Foreword by the editor

         When, in early june '95, one humbly asked the readers of for a little bit of their time because he had this little writing exercise of his he would like us to read and comment on, I wasn't quite prepared for 230 Kwords of brilliant fiction that had me glued to the keyboard with every of its 16 installments, once they arrived.  Or a bad case of literary cold turkey when they, thanks to germany's bad news-lag, didn't, leaving me hunting the 'net via ftp or gopher-news gateways and other illicit means of virtual travel.  Besides being truly captivating, the story held up well against my collection of Fiction and Fantasy books; even my fourth reading only dug up minor loose plot points in the Memoirs' Afterword and Epilogue (which the author admitted to having planted to have a backdoor to sequels (pantpantpant please...)), typos (which I mercilessly weeded out) and quite a bit of inconsistent formatting that the HTML Version (and the RTF Version it is based on, available on request, just mention your platform) you are hopefully about to read completely eliminates.

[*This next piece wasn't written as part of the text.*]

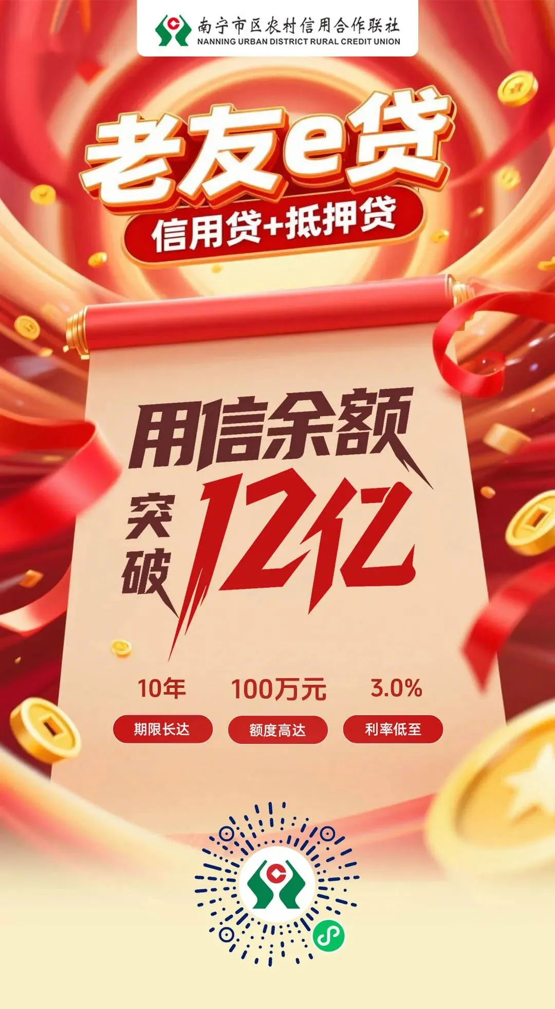 >南宁市区联社老友e贷用信余额超12亿元!

          Unfortunately, novel-style formatting in HTML V2.0 is next to impossible if your browser doesn't fully support &nbsp; as a character looking precisely the same as space but clinging to non-whitespace characters and being indivisible by word-wrap, which is the way it is specified in ISO 8859-1, which is defined to be the basic character set for HTML V2.0.  The unfortunate part is that the only browsers that handle this properly are Arena, Netscape, OmniWeb and lynx, the latter sometimes having problems with either gzip'ed HTML pages or the "zcat" CGI binary.  So, until HTML V3.0 support with its <tab to=...> feature (anyone did grok it from the 'specs?) becomes widespread, better stick to Arena, Netscape or OmniWeb.

          There are some illustrations available, although I wouldn't recommend viewing them before having read the story.  I'm thinking of adding them to the text as inlines, but some of the pictures are simply too big.  You can access these illustrations via the Afterword.